> _EXERCISE AIM_
For the records below, print the lines from the line with "14kt Yellow Gold" through the line with "國際標(biāo)準(zhǔ" exactly as written; include both end lines and exclude the rest.

[Opening DATA section]

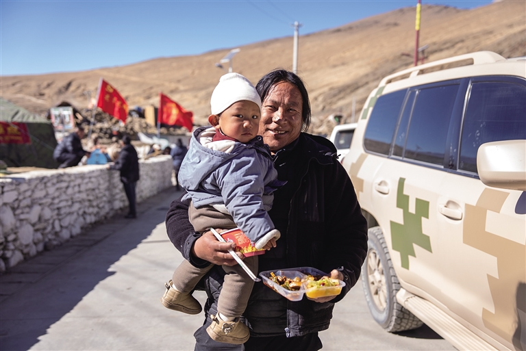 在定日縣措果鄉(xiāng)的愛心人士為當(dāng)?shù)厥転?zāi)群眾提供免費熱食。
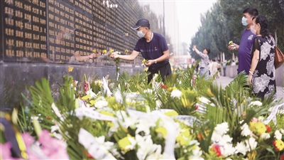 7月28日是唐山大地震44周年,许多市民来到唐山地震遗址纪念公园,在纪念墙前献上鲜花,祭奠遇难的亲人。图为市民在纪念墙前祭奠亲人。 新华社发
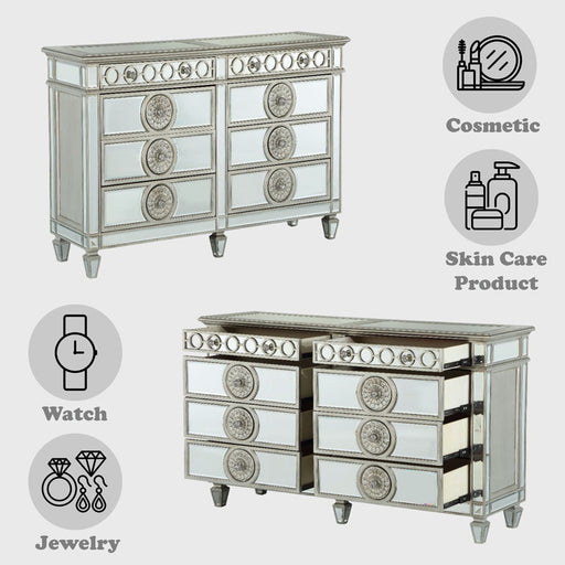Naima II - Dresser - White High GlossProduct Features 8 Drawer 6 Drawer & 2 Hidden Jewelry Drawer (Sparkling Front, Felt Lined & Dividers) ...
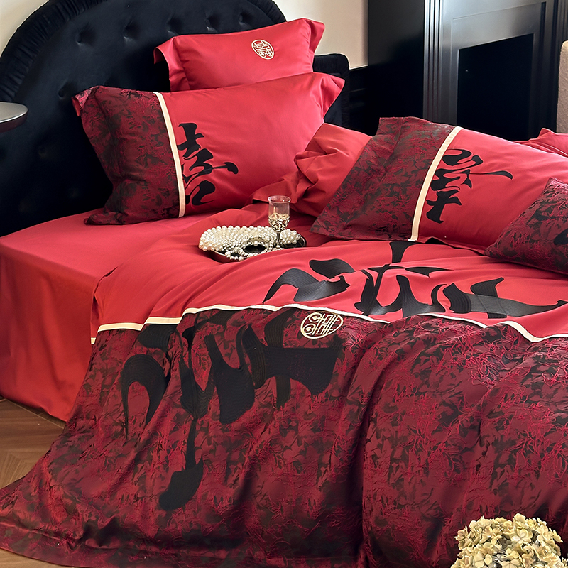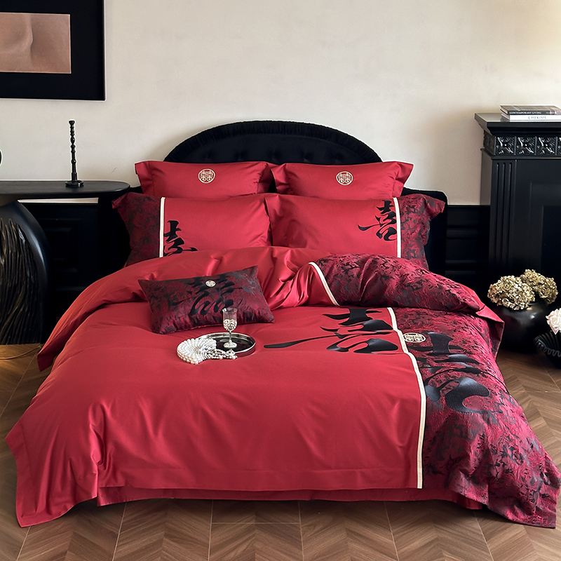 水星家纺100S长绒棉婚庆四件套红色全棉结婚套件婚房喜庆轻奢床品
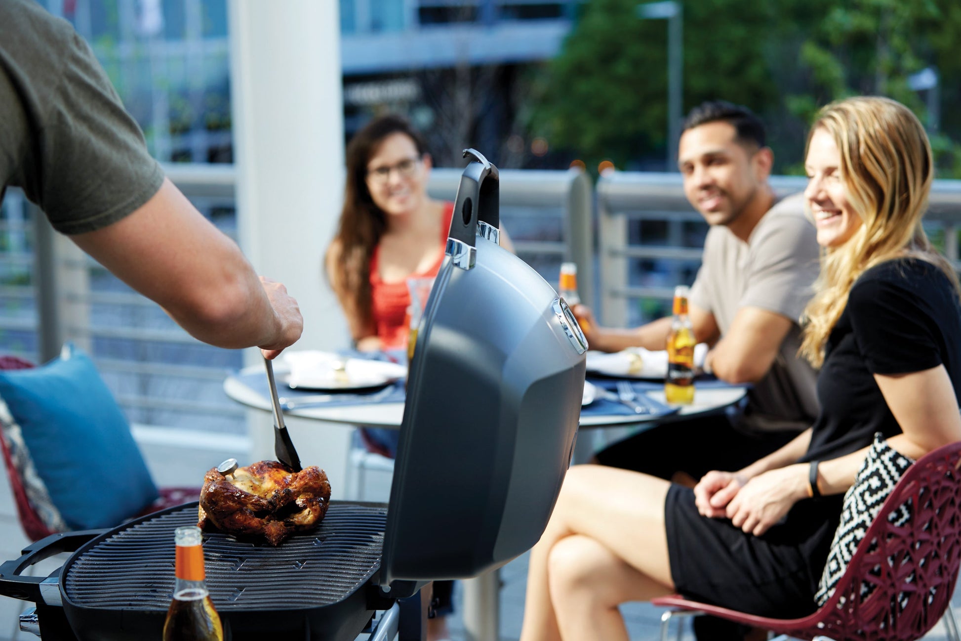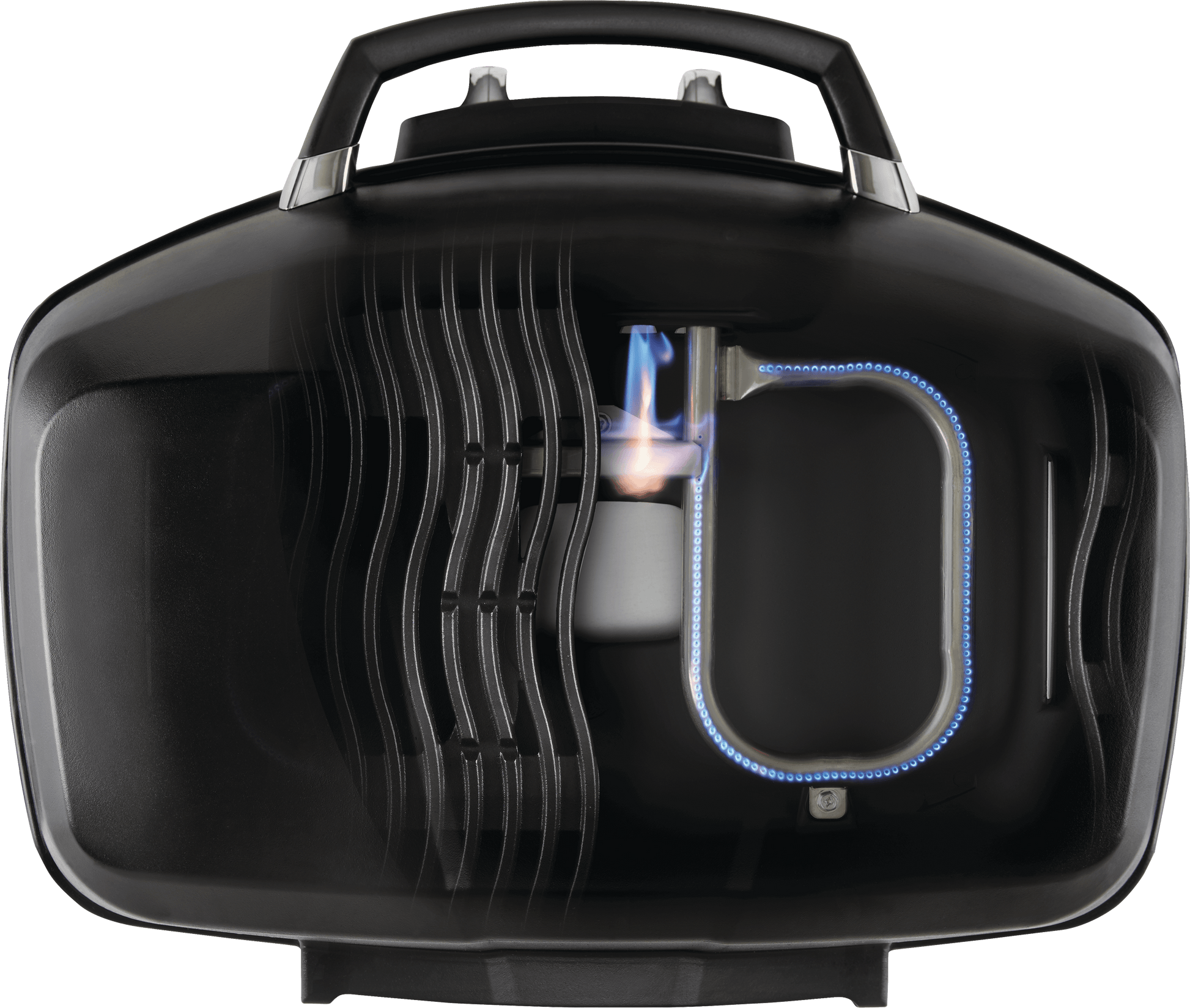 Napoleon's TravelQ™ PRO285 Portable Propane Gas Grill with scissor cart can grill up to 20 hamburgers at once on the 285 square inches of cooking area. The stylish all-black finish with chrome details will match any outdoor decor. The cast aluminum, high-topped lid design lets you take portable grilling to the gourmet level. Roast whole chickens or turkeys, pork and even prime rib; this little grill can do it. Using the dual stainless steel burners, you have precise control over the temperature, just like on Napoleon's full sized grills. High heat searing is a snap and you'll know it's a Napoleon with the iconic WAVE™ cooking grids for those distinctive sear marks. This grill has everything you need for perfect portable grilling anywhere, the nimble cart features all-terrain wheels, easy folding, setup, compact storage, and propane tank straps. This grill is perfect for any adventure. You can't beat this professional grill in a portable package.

[Closing DATA section]
[Opening DATA section]

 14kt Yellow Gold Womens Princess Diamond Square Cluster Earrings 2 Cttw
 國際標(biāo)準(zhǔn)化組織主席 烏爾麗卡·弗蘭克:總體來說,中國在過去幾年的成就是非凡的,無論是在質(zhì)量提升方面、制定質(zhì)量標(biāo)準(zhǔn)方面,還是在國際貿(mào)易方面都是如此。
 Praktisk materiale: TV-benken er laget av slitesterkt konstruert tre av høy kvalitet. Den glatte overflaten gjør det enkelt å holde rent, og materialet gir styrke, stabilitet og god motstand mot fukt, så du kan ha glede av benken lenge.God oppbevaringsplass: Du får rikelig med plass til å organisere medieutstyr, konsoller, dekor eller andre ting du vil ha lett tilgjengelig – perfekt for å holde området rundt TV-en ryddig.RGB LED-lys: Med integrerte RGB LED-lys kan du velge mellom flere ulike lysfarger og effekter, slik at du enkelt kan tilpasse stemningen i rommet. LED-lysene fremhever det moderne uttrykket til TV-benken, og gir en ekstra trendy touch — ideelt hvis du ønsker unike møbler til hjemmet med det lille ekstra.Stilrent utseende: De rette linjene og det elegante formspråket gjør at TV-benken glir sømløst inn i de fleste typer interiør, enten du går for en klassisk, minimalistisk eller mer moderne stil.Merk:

[Closing DATA section]

> _OUTPUT OF THE EXERCISE_
 14kt Yellow Gold Womens Princess Diamond Square Cluster Earrings 2 Cttw
 國際標(biāo)準(zhǔn)化組織主席 烏爾麗卡·弗蘭克:總體來說,中國在過去幾年的成就是非凡的,無論是在質(zhì)量提升方面、制定質(zhì)量標(biāo)準(zhǔn)方面,還是在國際貿(mào)易方面都是如此。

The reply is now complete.